The expiration comes as much attention has focused on large amounts of betting in options in the biggest tech and momentum names, and much of the positioning has been bullish in call options that bet the underlying stocks will go higher. Some of the action is the result of big investors, like SoftBank, but another big driver has been retail investors.

“If we assume that retail is long a lot of these September expiring calls in stocks like Apple and Tesla and the market continues to move lower, due to the aftermath of the Fed, market makers unwind their hedges against those long calls. In theory, that could exacerbate the move lower, but it really works in either direction,” said Chris Murphy, Susquehanna Financial co-head of derivative strategy.

Murphy said retail investors are much more involved in options on individual stocks than they were a year ago.

“If you want to see the difference, equity open interest from this September to last September is up significantly, to 55 million from 40 million. That compares to open interest in ETFs. That was 29.25 million and now it’s down to 28.9 million,” he said. Murphy said individual investors may be more inclined to trade single stocks while institutions and bigger investors could be move involved in ETFs and indexes. Open interest, or the total open contracts, on the indexes like the S&P 500 also fell to 4.5 million from 5.1 million.

With the shift in focus to individual stock names, that could make trading in those issues more volatile in both directions for the rest of the week. According to Goldman Sachs, options volumes in 50 single stocks accounts for 89% of the notional volumes for all individual equity options.

Emanuel said he’s not concerned about the potential for excessive moves in stocks around expiration, but in general he has been concerned about aggressive buying in out-of-the-money calls in a few stocks. Those calls, which bet on big moves higher, are priced at historic premiums to out-of-the-money puts, which bet on falling stock prices. Normally, it is more expensive to hedge against a downside move, but now it is more expensive in some names to hedge a move higher.

“I’m worried about it within the context that it’s just another one of the signs that these stocks are over-owned ad over-loved, and rightly so, given their performance and the momentum throughout August,” he said. But that type of options buying is acting as a negative warning for stocks, and it still illustrates too much froth.

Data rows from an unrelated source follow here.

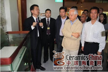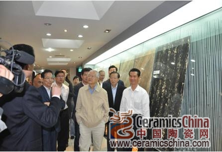 調(diào)研組一行首先來到輕質(zhì)新型建材館,張旗康董事詳細(xì)為調(diào)研組介紹了目前國內(nèi)唯一、代表世界最先進(jìn)水平的新型建材--建筑陶瓷薄板(PP版)和無機(jī)輕質(zhì)板材(QQ板)。當(dāng)了解到浮在魚缸中的無機(jī)輕質(zhì)板(QQ板)50%以上的原料為陶瓷工業(yè)廢渣,具備防火、隔音等多種功能以后,調(diào)研組人員都驚嘆當(dāng)今民營企業(yè)的創(chuàng)新之舉。此外,工作人員還現(xiàn)場演示了3.5mm的PP板,其韌性和硬度令在場人員折服,而各種不同風(fēng)格和堪比天然石材的表面裝飾效果更令調(diào)研組人員大加贊嘆。吳敬璉專家對蒙娜麗莎作為主起草人的《陶瓷板》、《建筑陶瓷薄板應(yīng)用技術(shù)規(guī)程》兩項(xiàng)國家標(biāo)準(zhǔn)頗感興趣,對兩項(xiàng)標(biāo)準(zhǔn)的起草程序等關(guān)鍵環(huán)節(jié)提出了疑問,在場的陶瓷行業(yè)專家陳帆教授一一做了解答,并就建筑陶瓷行業(yè)相關(guān)標(biāo)準(zhǔn)的制
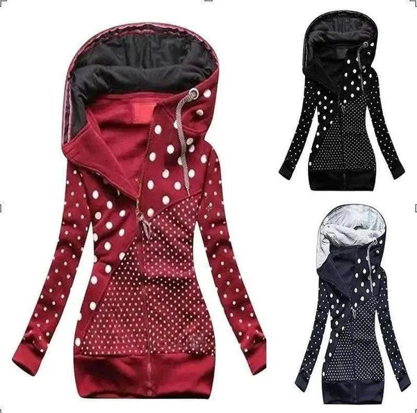 - Chic Polka Dot Hoodie: Få en lekfull men ändå snygg look med denna iögonfallande polkagrisrandiga hoodie, perfekt för att ge din garderob en mönstrad look.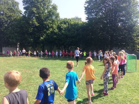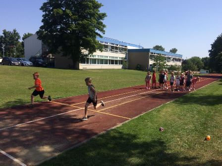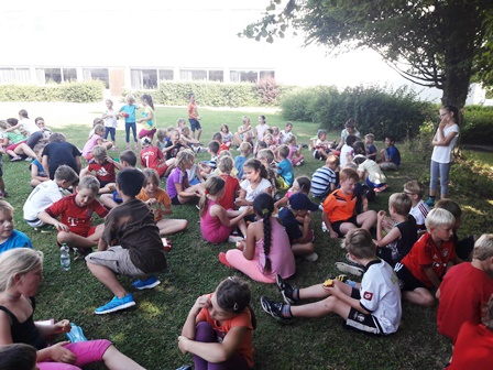 Am Mittwoch, den 19.07.2017 war ein ganz besonderer Tag für die komplette Klassenstufe 1 und 2 sowie für die Vorschüler vom Kindergarten St. Maria und vom Kindergarten Waldenwiesen. Rund 100 Kinder fanden sich bei strahlendem Sonnenschein zu einem Spiel- und Sporttag auf dem Schulhof ein, um sich gemeinsam zu bewegen und Spaß zu haben. So freute sich so mancher Schüler, ein jüngeres Geschwister- oder Nachbarskind anzutreffen.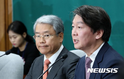 【서울=뉴시스】홍효식 기자 = 국민의당 안철수(오른쪽) 대표가 13일 오전 서울 여의도 국회에서 열린 정책 의원총회에 참석해 예산안 심의 관련 모두발언을 하고 있다. 왼쪽은 김동철 원내대표. 2017.11.13.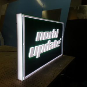 A látványosabb kivitel intarziázott előlappal készül, mely lehet akár 3D betűkkel kombinálva is. Előlapként gyakran alkalmazzuk a korszerű szendvicslemezeket ( DIBOND ) lemezt is. Ennél a megoldásnál csak a cég logo vagy cég felírat világít, így este olyan hatást kelt mintha 3D betűkből lenne kirakva a felírat.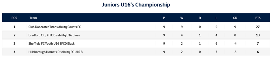 After nine games apiece in the Championship, Titans have a 14-point advantage after nine straight wins. Bradford Blues are second, ahead of Sheffield FC Black, with Hornets Black just one point further back.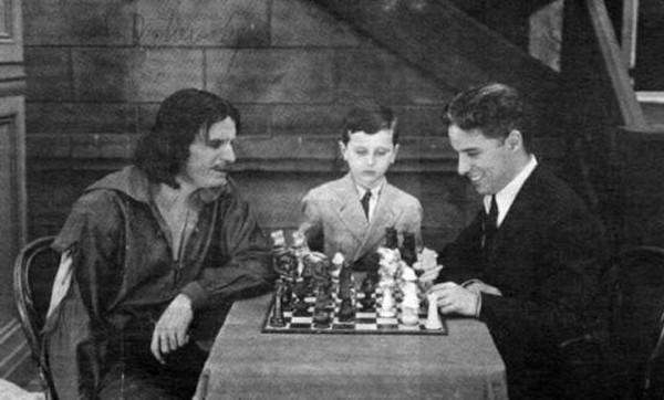 Чарли играет со своим другом Дугласом Фербенксом-старшим, Сэмми наблюдает, и, вероятно, подсказывает ходы обоим любителям шахмат – голливудским звездам.
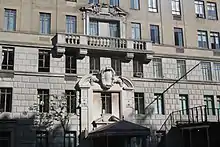 The facade contains metal, stone, and terracotta decorations.[6] These details include pilasters, engaged columns, rounded and triangular broken pediments, and balustrades, as well as smaller motifs such as roundels, scrolls, urns, cartouches, garlands, and consoles.[28] The lowest three stories of the facade are made of rusticated blocks of limestone, while the rest of the building is clad with beige brick.[28][22][21] The limestone blocks on the first and second stories are vermiculated.[28] Above the base, there is a small amount of terracotta ornament, which is used to emphasize the otherwise plain brick facade.[6][40] The ornament on the upper stories is oversized, allowing it to be seen from the ground.[40]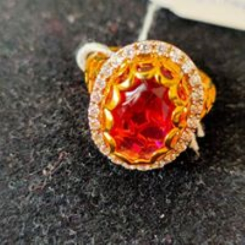 925 Sterling Silver Ring studded with Cubic Zircons and centre is studded with semi precious Ruby.R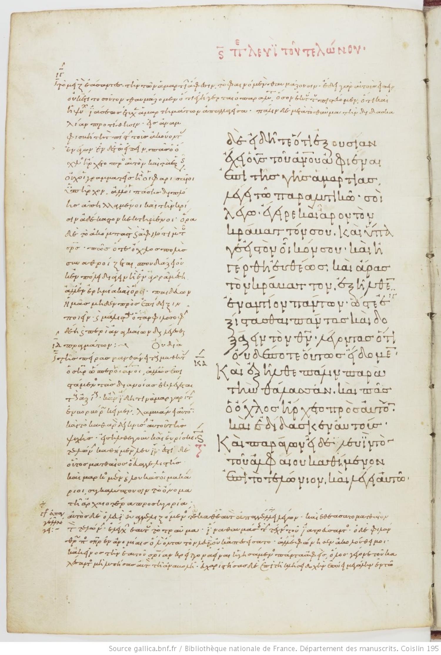 Tenth-century minuscule of the Gospels with commentary on parchment; 469 leaves, 1 column, varying number of lines per column. Images are made available by the Bilbiothèque Nationale. For recent images, please visit BNF Gallica.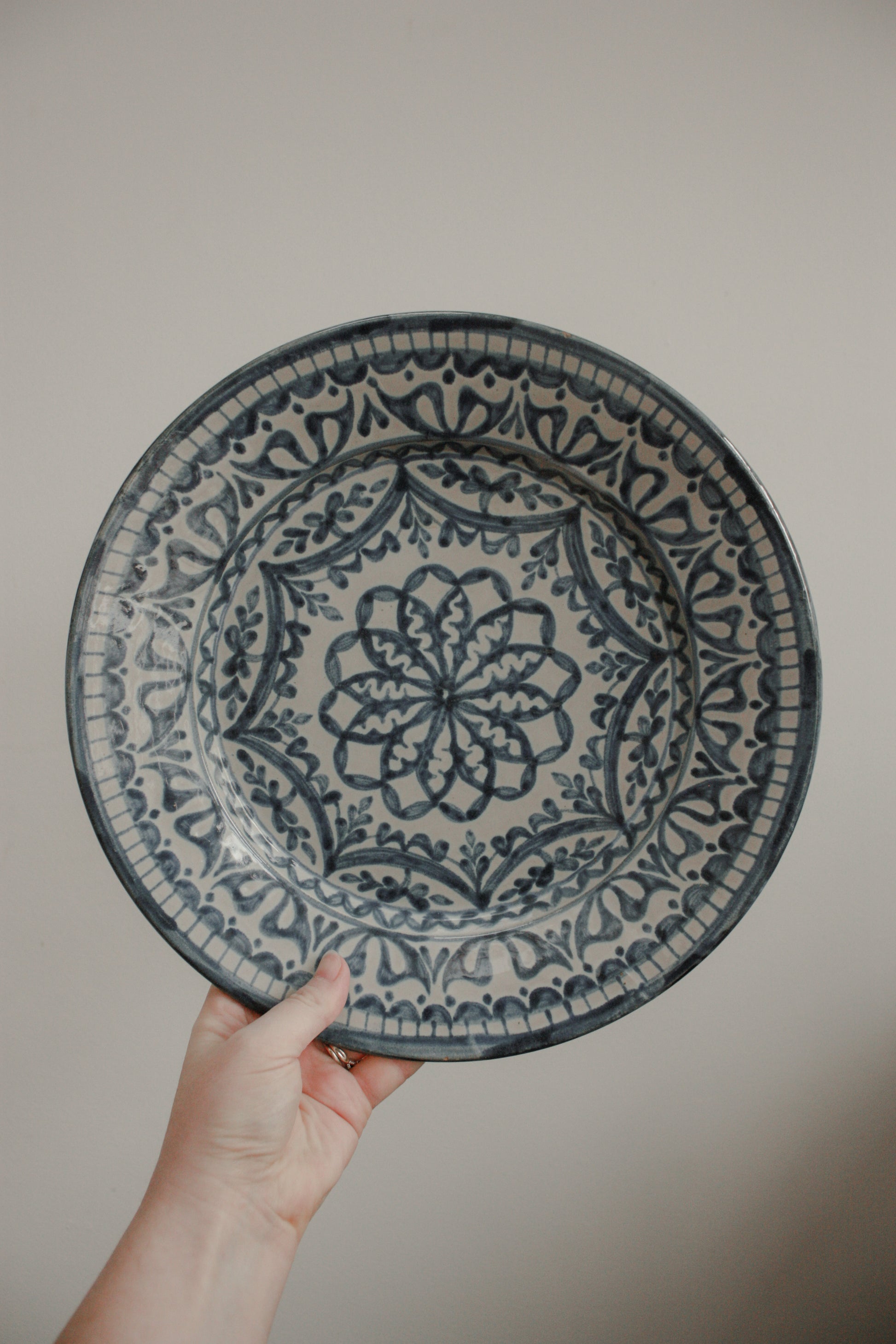 Vintage wall plate with a wonderfully detailed hand painted folk art design in a striking oxide blue.

Emanuel said there was a turn in sentiment when the market sell-off Sept. 2, but the options positioning in some high-flying names has not changed. “They are still pricing in FOMO [fear of missing out], instead of fear,” he said.

As for this week’s expirations, Murphy said the Fed is the bigger driver of the stock market, but options positioning can be exaggerating moves in either direction.  

“Now that we’ve moved through some of the lower strikes, the market makers who are hedged with long stock, now sell the stock,” said Murphy. He pointed to Apple as an interesting example. The stock was off its lows in late morning trading, and just below the level where there is a lot of options interest.

“The highest open interest strike is September $112.50,” he said. “Yesterday’s close was above it. Today we’re below it, so it’s in play … If we make the assumption retail is long and the market maker is short, as the stock trades above $112.50, there will have to be buying to hedge and that could exacerbate a move higher. If it goes back below, there needs to be selling. They don’t need as much of a hedge.”

Goldman Sachs analysts said in a note that investors have been concerned about the high concentration of activity in a few names, while options activity is at record levels. So Goldman studied it and found that options activity is typically concentrated in a relatively small number of stocks.

For instance, since 2006, at various times, the top five stocks, in terms of options activity, had accounted for 25% to 75% of single stock notional volumes.

Goldman studied a period in 2012 to 2013, when five stocks were at all time highs and also saw the most options activity. They were Apple, Amazon, Alphabet, Netflix and Booking Holdings, then Priceline. It did not have an adverse impact on the stock market. The S&P 500 returned 45% over the two years, and the VIX,  the Cboe Volatility Index, declined to 14 at the end of 2013, from 24 at the end of 2011.